What is needed - Within the entries below, please return exactly the lines from the one with "A picturesque mosque" through the one with "车身侧面,新车融入了当前流行", leaving out any pictures.

Data extract -
BEGIN
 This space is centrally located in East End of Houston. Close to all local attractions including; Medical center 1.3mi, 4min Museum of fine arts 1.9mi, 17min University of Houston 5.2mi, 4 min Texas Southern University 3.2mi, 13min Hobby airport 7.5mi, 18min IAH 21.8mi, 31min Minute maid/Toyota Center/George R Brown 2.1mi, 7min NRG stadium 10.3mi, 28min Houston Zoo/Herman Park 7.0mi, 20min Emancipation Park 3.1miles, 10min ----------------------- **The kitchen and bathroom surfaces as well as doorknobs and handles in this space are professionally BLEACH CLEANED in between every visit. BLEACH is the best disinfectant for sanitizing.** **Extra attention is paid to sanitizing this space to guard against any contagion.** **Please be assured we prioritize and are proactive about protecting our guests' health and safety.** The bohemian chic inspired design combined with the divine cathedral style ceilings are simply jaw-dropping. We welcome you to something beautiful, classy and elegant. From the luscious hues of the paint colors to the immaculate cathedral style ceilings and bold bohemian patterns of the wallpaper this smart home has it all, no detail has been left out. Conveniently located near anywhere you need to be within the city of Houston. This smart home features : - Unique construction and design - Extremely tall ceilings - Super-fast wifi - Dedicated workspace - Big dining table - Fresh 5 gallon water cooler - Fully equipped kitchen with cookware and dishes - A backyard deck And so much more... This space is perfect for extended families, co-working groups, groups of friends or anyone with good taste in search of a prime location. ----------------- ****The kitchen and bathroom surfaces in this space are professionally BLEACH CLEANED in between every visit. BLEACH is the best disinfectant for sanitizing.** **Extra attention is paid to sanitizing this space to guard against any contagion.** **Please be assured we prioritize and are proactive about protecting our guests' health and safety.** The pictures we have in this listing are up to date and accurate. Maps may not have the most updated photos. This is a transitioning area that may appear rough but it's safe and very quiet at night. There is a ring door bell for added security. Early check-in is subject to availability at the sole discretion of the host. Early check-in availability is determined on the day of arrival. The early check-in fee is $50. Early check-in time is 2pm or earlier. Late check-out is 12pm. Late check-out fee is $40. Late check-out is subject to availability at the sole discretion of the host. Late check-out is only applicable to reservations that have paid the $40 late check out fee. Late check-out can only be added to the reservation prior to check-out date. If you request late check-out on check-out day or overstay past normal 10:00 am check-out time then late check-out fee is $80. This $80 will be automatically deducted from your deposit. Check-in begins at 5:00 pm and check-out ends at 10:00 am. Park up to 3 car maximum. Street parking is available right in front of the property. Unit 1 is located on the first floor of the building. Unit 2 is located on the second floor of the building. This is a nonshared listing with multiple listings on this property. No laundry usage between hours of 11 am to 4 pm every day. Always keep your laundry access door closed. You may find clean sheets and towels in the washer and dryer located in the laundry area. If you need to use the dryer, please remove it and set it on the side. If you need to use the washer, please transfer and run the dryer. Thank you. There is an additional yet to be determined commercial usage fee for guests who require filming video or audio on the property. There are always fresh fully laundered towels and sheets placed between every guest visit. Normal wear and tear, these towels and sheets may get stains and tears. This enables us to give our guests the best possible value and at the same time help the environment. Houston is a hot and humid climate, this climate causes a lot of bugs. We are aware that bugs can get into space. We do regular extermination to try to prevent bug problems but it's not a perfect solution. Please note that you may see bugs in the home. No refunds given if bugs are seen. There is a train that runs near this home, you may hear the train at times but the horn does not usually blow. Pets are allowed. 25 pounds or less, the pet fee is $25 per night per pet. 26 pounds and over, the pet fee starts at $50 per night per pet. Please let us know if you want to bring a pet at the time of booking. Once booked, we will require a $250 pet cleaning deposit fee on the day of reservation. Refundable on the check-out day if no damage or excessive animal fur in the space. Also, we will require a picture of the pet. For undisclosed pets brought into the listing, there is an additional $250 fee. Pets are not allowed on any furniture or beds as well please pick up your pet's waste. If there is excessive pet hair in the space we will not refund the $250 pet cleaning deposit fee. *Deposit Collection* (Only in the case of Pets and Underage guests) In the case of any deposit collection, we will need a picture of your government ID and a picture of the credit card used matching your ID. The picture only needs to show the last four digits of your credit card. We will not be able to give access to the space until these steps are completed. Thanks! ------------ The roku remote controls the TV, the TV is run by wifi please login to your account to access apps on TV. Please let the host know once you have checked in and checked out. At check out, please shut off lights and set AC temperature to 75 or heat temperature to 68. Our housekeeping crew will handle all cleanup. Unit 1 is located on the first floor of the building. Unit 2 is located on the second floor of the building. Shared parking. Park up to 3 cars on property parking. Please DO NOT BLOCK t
END
BEGIN
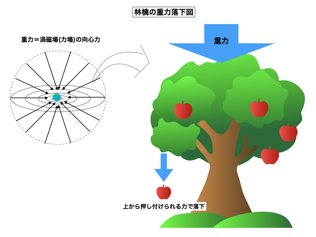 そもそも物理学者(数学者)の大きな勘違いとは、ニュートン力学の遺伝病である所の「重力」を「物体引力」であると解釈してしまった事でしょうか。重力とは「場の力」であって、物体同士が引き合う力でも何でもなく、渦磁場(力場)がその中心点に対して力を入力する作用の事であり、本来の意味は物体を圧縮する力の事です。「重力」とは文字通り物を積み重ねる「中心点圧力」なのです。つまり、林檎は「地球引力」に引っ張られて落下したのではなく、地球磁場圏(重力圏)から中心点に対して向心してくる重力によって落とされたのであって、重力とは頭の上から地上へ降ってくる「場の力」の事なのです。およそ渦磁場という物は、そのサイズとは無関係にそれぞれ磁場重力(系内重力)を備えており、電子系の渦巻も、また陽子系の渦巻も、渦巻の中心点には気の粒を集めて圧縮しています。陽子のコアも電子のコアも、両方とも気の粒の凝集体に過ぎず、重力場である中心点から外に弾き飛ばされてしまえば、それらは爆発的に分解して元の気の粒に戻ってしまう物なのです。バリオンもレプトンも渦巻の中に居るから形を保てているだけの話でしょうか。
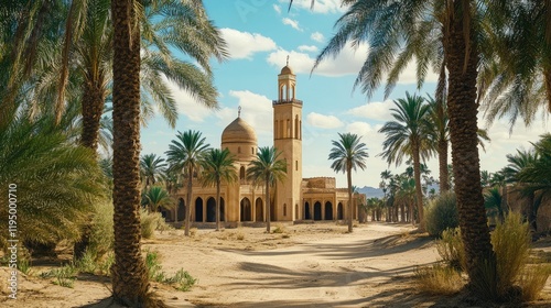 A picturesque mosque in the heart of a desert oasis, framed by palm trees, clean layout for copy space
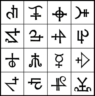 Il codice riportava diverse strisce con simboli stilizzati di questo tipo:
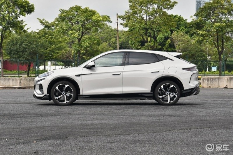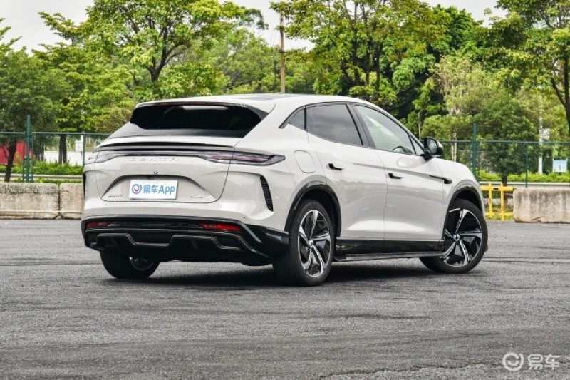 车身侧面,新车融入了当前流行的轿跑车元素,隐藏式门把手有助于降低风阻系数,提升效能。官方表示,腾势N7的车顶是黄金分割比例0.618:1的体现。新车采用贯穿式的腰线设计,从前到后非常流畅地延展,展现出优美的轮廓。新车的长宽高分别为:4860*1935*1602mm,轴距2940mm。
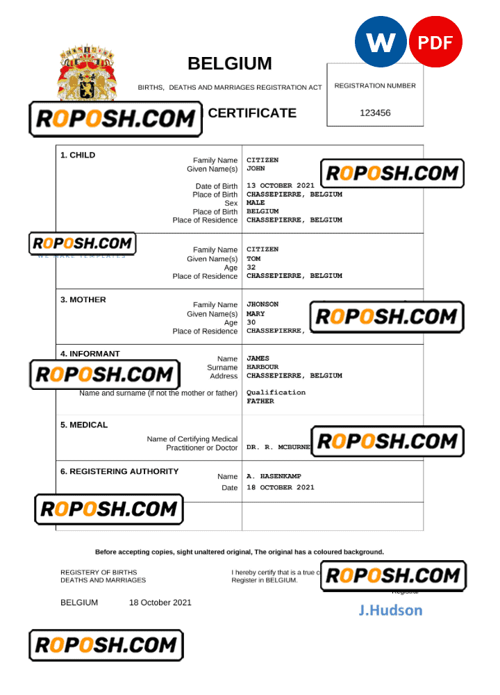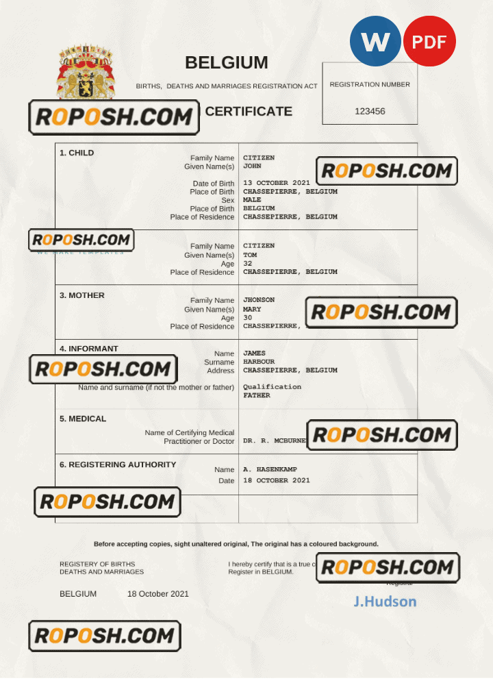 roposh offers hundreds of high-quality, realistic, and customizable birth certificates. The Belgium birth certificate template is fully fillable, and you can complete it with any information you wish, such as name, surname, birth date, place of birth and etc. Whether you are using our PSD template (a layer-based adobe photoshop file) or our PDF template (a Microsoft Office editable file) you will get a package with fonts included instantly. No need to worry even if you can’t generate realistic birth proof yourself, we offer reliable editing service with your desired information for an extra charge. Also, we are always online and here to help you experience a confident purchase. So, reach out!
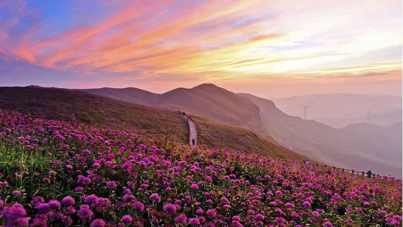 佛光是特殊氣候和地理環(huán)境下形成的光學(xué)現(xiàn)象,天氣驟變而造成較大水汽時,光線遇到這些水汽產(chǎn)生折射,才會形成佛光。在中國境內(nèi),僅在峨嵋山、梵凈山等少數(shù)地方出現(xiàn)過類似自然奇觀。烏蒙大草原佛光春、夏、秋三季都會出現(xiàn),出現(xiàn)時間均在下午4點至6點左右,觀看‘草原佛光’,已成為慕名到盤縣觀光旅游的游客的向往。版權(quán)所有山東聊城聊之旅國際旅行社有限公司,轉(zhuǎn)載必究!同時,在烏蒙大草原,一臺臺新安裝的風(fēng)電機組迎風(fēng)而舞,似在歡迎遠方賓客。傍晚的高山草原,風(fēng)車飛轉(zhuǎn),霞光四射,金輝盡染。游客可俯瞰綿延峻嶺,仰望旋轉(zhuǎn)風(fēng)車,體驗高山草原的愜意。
END
Expected output -
 A picturesque mosque in the heart of a desert oasis, framed by palm trees, clean layout for copy space
 Il codice riportava diverse strisce con simboli stilizzati di questo tipo:
 车身侧面,新车融入了当前流行的轿跑车元素,隐藏式门把手有助于降低风阻系数,提升效能。官方表示,腾势N7的车顶是黄金分割比例0.618:1的体现。新车采用贯穿式的腰线设计,从前到后非常流畅地延展,展现出优美的轮廓。新车的长宽高分别为:4860*1935*1602mm,轴距2940mm。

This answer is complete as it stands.